__DIRECTIONS FOR THIS TASK__. Pictures stay out of the copy. Retype exactly, and only, the lines from the one containing "En esta etapa" through the end of the listing below.

__ENTRIES SHOWN__.
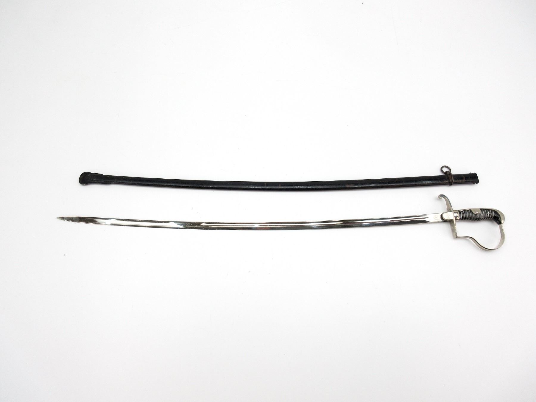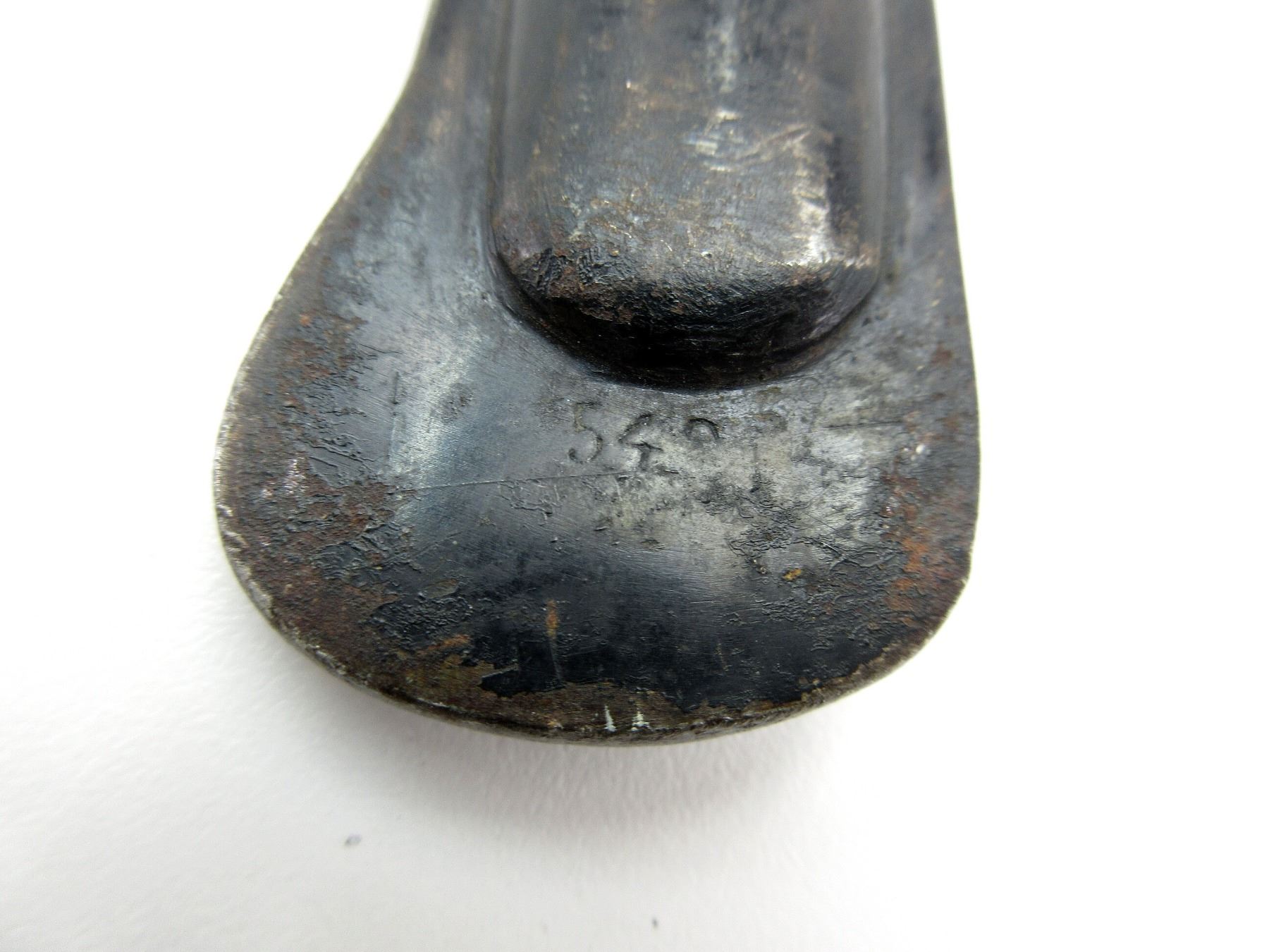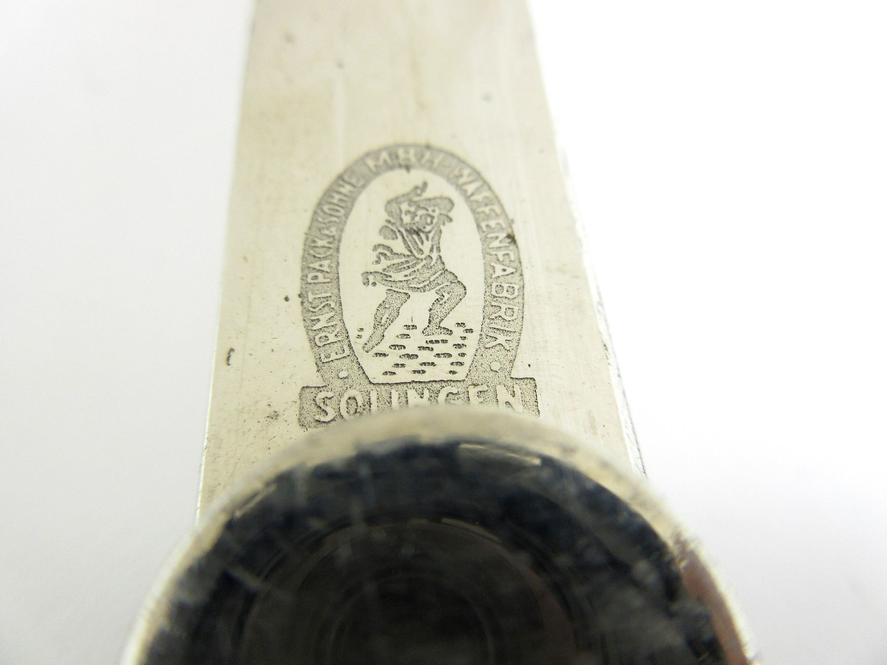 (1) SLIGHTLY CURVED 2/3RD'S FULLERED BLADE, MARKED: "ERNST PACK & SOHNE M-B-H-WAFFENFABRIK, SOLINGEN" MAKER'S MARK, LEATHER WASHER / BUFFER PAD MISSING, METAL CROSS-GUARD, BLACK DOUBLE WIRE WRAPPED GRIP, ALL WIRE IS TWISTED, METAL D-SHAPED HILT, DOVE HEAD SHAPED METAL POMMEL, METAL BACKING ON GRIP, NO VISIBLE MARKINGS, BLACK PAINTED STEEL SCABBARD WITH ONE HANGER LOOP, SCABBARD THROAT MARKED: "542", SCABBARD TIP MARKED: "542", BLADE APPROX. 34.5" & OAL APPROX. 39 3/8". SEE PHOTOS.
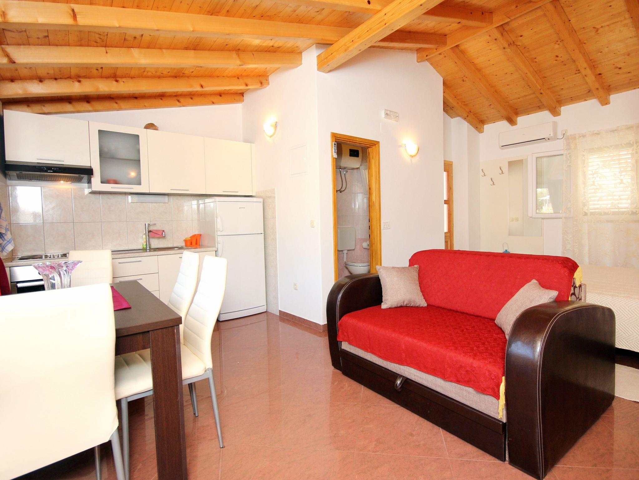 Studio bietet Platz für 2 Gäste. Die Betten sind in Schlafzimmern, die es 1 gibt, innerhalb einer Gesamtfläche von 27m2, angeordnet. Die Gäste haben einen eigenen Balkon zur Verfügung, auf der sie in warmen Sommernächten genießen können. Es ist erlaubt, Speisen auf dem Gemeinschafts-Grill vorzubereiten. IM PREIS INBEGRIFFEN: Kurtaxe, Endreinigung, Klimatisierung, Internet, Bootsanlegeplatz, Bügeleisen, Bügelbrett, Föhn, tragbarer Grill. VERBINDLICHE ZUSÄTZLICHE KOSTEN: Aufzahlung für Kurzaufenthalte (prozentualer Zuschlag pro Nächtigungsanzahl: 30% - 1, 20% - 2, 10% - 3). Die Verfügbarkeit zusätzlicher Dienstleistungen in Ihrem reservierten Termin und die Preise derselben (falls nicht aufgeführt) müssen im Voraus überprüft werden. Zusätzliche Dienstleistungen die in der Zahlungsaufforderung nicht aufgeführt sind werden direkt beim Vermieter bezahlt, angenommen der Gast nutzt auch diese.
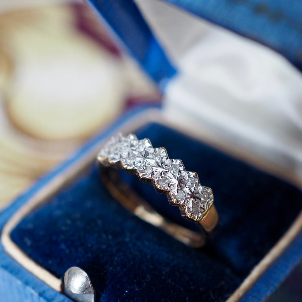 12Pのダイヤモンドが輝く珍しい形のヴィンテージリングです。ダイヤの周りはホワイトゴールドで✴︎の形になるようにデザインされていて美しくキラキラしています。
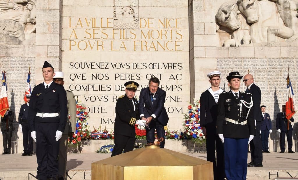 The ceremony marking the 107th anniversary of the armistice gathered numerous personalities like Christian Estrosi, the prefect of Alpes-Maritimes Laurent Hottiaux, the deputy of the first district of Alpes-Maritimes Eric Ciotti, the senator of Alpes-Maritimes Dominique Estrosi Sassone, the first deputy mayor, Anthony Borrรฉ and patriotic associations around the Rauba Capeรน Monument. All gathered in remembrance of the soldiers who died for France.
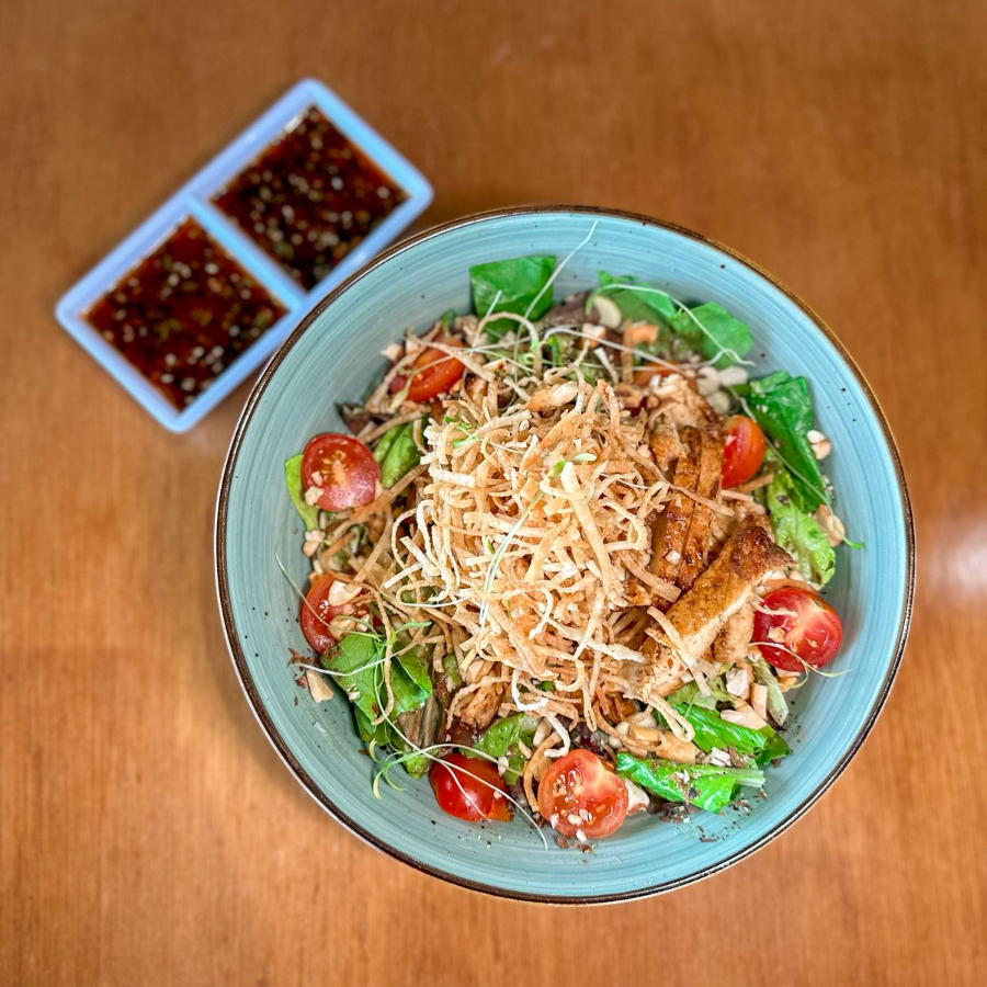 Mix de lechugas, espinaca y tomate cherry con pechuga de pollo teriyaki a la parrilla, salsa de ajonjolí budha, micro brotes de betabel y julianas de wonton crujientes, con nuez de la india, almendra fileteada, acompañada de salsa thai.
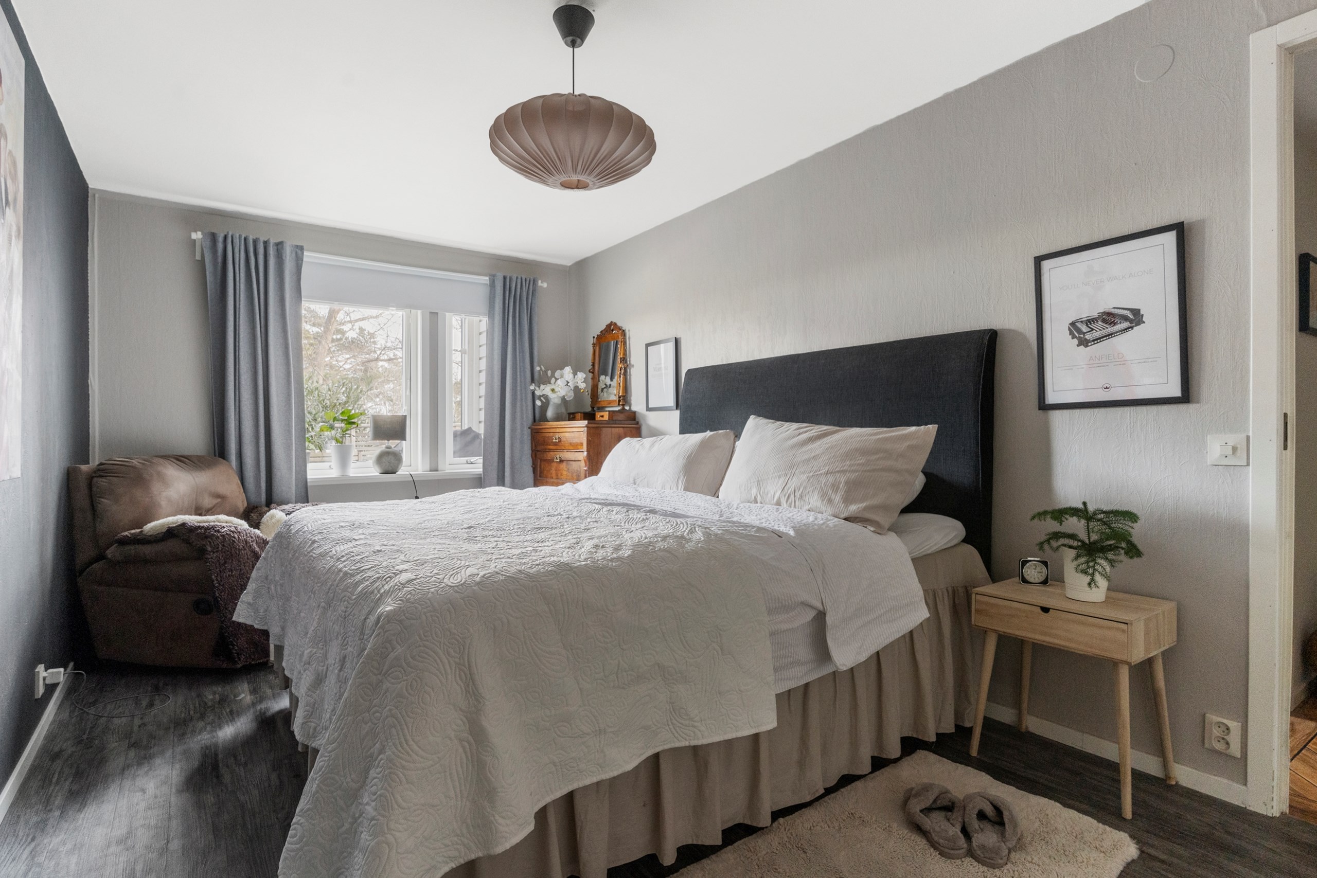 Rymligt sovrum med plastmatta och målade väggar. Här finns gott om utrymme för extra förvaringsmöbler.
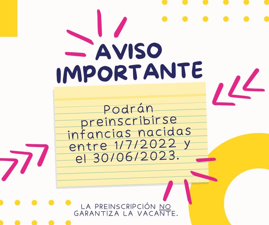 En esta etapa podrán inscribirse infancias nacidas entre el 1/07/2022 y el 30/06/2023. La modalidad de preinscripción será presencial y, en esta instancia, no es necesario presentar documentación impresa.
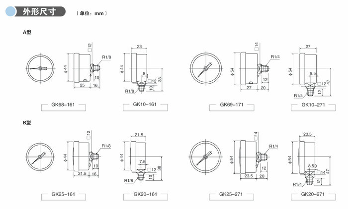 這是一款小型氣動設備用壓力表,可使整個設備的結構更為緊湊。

__SOLUTION FOR THIS TASK__.
 En esta etapa podrán inscribirse infancias nacidas entre el 1/07/2022 y el 30/06/2023. La modalidad de preinscripción será presencial y, en esta instancia, no es necesario presentar documentación impresa.
 這是一款小型氣動設備用壓力表,可使整個設備的結構更為緊湊。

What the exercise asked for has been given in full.